Accelerate Diagnostics Announces Public Offering of Common Stock

Accelerate Diagnostics, Inc. has announced the pricing of an underwritten public offering of 17,500,000 shares of its common stock at a price to the public of $2.00 per share. The gross proceeds to Accelerate Diagnostics from the offering, before deducting the underwriting discounts and commissions and estimated offering expenses, are expected to be $35 million. 

In addition, Accelerate Diagnostics has granted the underwriters a 30-day option to purchase up to an additional 2,625,000 shares of its common stock at the public offering price, less the underwriting discounts and commissions. Accelerate Diagnostics anticipates using the net proceeds from the offering for general corporate purposes and to fund commercialization efforts. All of the shares are being offered by Accelerate Diagnostics, and the offering is expected to close on or about Aug. 23, subject to customary closing conditions.

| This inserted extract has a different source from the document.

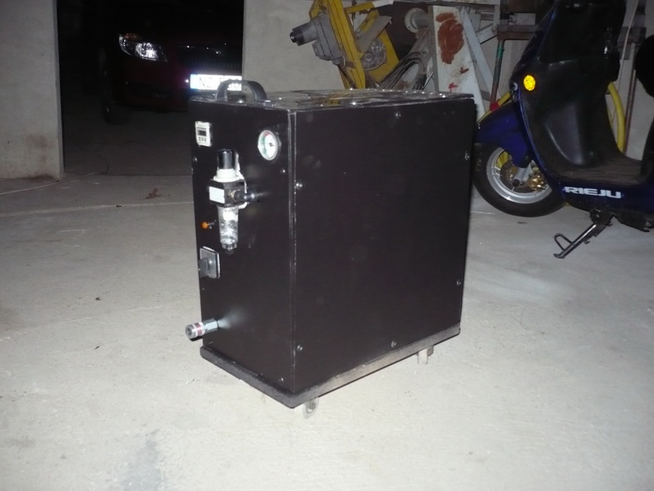 A tartály olyan 50l körül lehet, teherautó légtartály, így van rajta elég csatlakozási lehetőség("alul" - kondenzvíz leeresztőnek és a két végén). Van még egy állvány is, ehhez pánttal rögzíteném a tartályt, mivel nem merném hegeszteni.

William Blair & Company, L.L.C. is acting as lead book-running manager for the offering. Oppenheimer & Co. Inc. is acting as a book-running manager and Craig-Hallum Capital Group LLC is acting as co-manager for the offering.

A shelf registration statement relating to the shares was filed with the U.S. Securities and Exchange Commission on Jan. 27, 2021 and declared effective on Feb. 4, 2021. A preliminary prospectus supplement and accompanying prospectus relating to the offering were filed with the SEC. 

A copy of the final prospectus supplement and accompanying prospectus relating to the offering, when available, may be obtained from William Blair & Company, L.L.C., Attention: Prospectus Department, 150 North Riverside Plaza, Chicago, IL 60606, or by telephone at (800) 621-0687, or by email at prospectus@williamblair.com or by visiting the EDGAR database on the SEC’s website at www.sec.gov.

This press release shall not constitute an offer to sell or the solicitation of an offer to buy these securities, nor shall there be any sale of these securities in any state or jurisdiction in which such offer, solicitation or sale would be unlawful prior to registration or qualification under the securities laws of any such state or jurisdiction.